From the line containing "Shibata Koutetsu Chromax" through the last line of the listing, output each line exactly as it stands. Omit pictures.

*** Opening of Source material ***

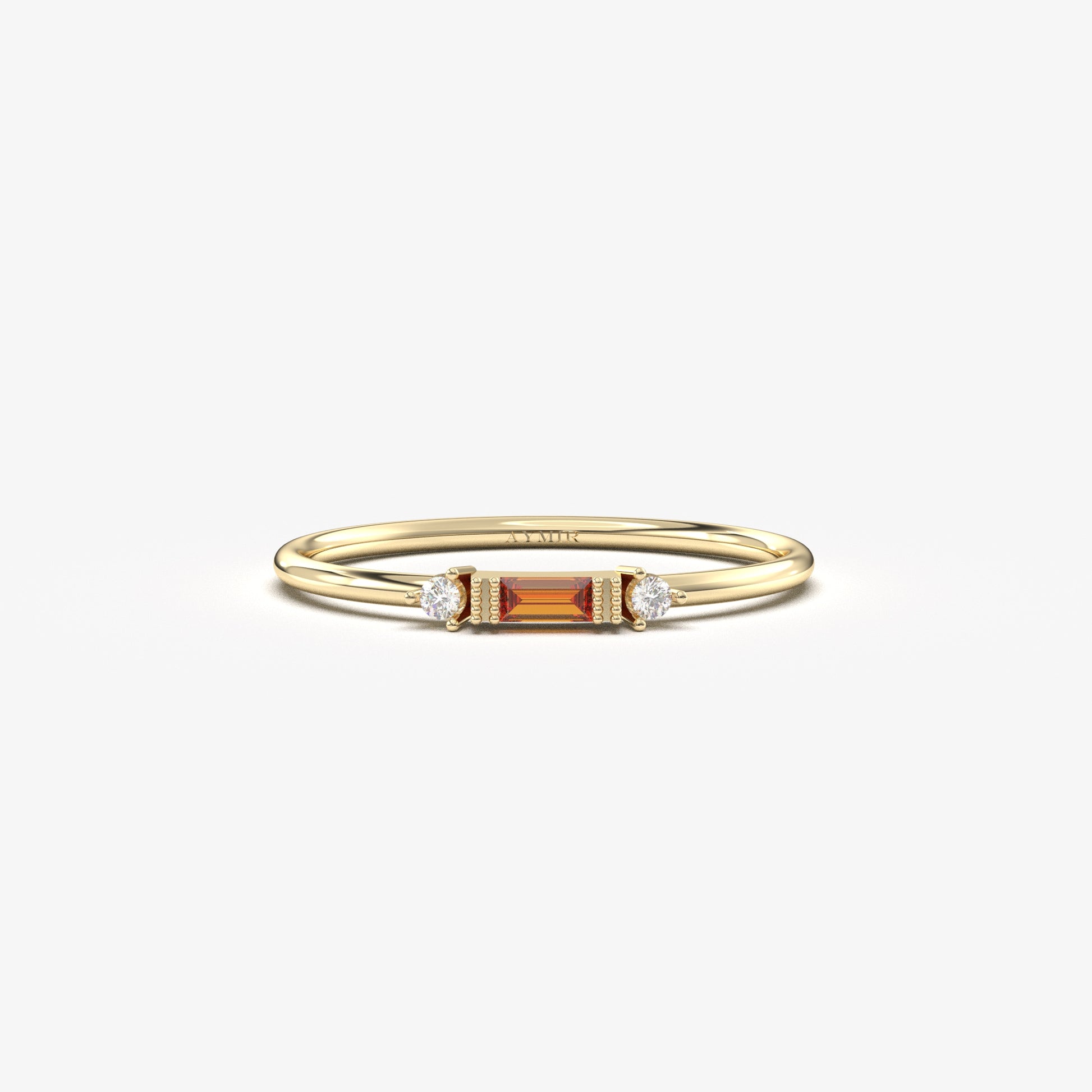 10K Gold Minimalist Garnet Baguette and Cz Ring - 2S6GAR
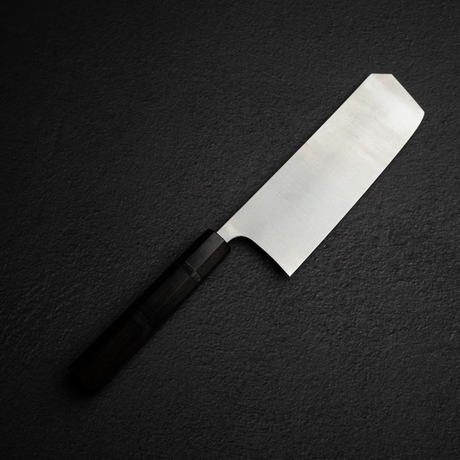 Shibata Koutetsu Chromax Boss Nakiri 175mm, Ebony Black Ring Handle is backordered and will ship as soon as it is back in stock.
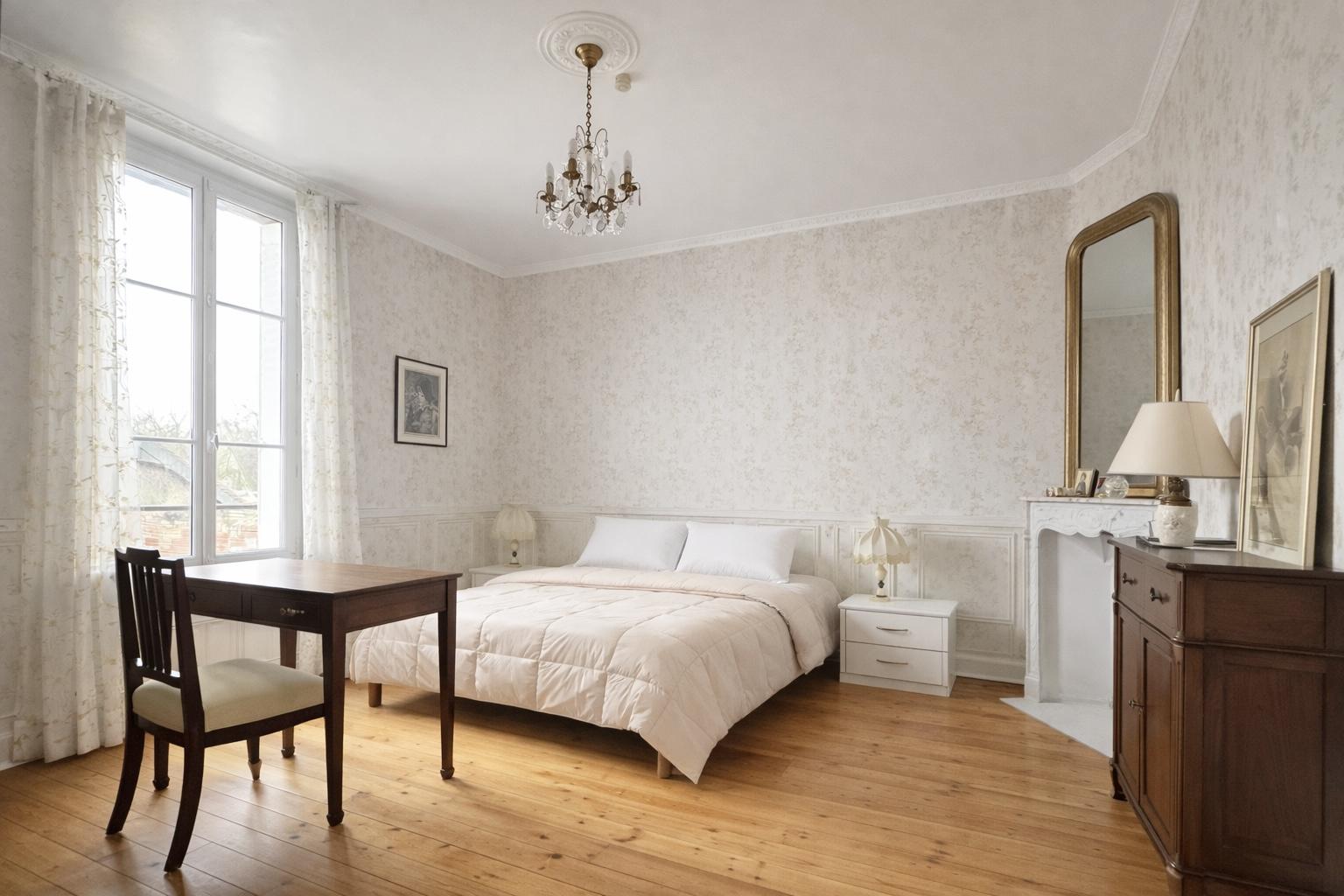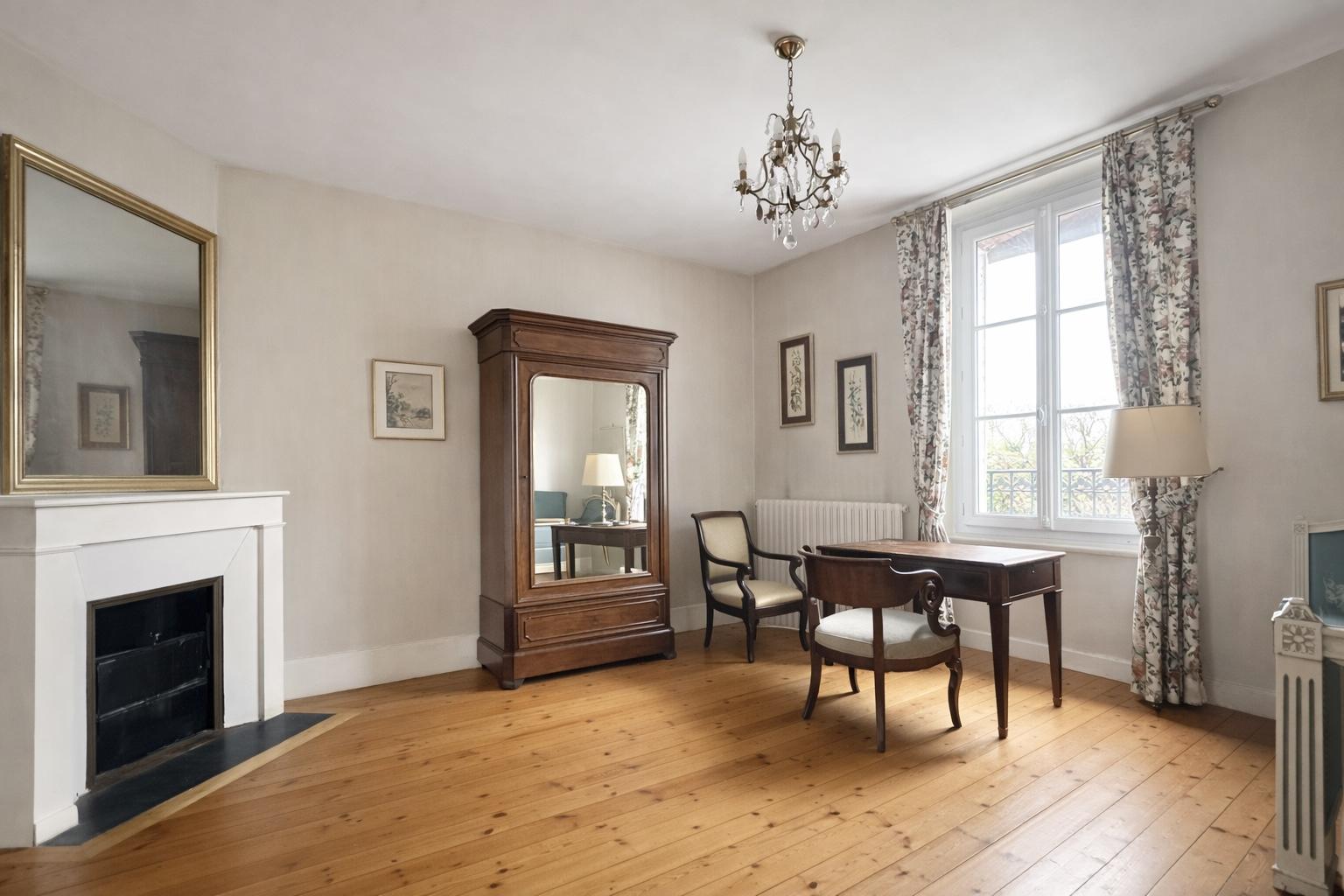 Au 1er étage, deux belles chambres disposent chacune de leur cheminée ancienne, accompagnées d’une salle de bain et d’un WC indépendant.
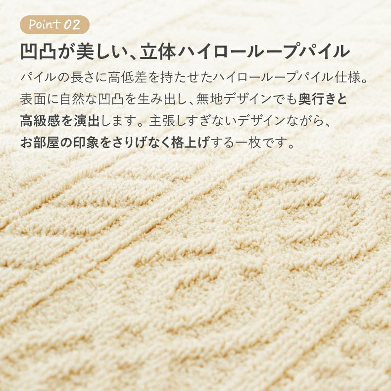ハイローパイルの凹凸が立体感を生み出し無地を映えさせます。
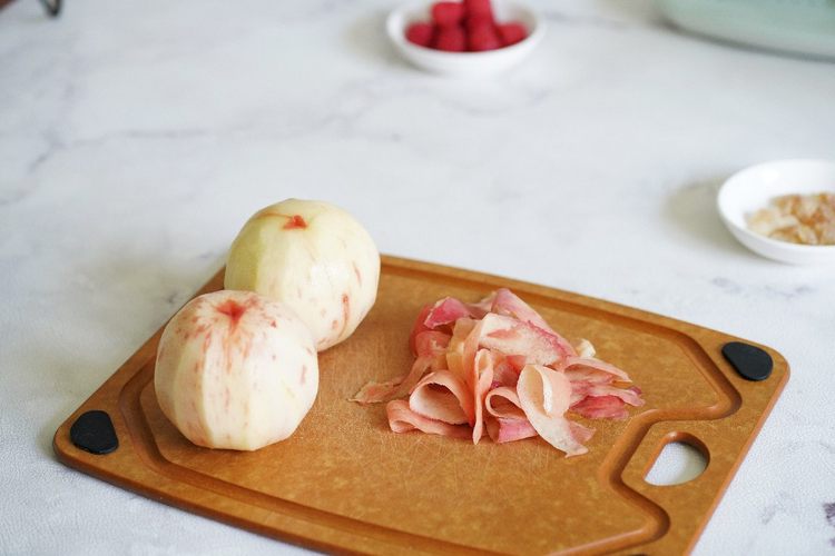 3. 桃子低温慢炖出来的外层口感微微软,更有罐头的质感。
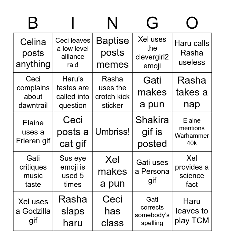 This bingo card has a free space and 24 words: Sus eye emoji is used 5 times, Rasha slaps haru, Rasha uses the crotch kick sticker, Xel uses a Godzilla gif, Haru calls Rasha useless, Celina posts anything, Ceci complains about dawntrail, Ceci leaves a low level alliance raid, Shakira gif is posted, Xel makes a pun, Gati makes a pun, Elaine uses a Frieren gif, Gati uses a Persona gif, Xel provides a science fact, Haru’s tastes are called into question, Gati corrects somebody’s spelling, Elaine mentions Warhammer 40k, Baptise posts memes, Rasha takes a nap, Ceci posts a cat gif, Haru leaves to play TCM, Gati critiques music taste, Xel uses the clevergirl2 emoji and Ceci has class.

*** Close of Source material ***

#### Result for this exercise
 Shibata Koutetsu Chromax Boss Nakiri 175mm, Ebony Black Ring Handle is backordered and will ship as soon as it is back in stock.
 Au 1er étage, deux belles chambres disposent chacune de leur cheminée ancienne, accompagnées d’une salle de bain et d’un WC indépendant.
ハイローパイルの凹凸が立体感を生み出し無地を映えさせます。
 3. 桃子低温慢炖出来的外层口感微微软,更有罐头的质感。
 This bingo card has a free space and 24 words: Sus eye emoji is used 5 times, Rasha slaps haru, Rasha uses the crotch kick sticker, Xel uses a Godzilla gif, Haru calls Rasha useless, Celina posts anything, Ceci complains about dawntrail, Ceci leaves a low level alliance raid, Shakira gif is posted, Xel makes a pun, Gati makes a pun, Elaine uses a Frieren gif, Gati uses a Persona gif, Xel provides a science fact, Haru’s tastes are called into question, Gati corrects somebody’s spelling, Elaine mentions Warhammer 40k, Baptise posts memes, Rasha takes a nap, Ceci posts a cat gif, Haru leaves to play TCM, Gati critiques music taste, Xel uses the clevergirl2 emoji and Ceci has class.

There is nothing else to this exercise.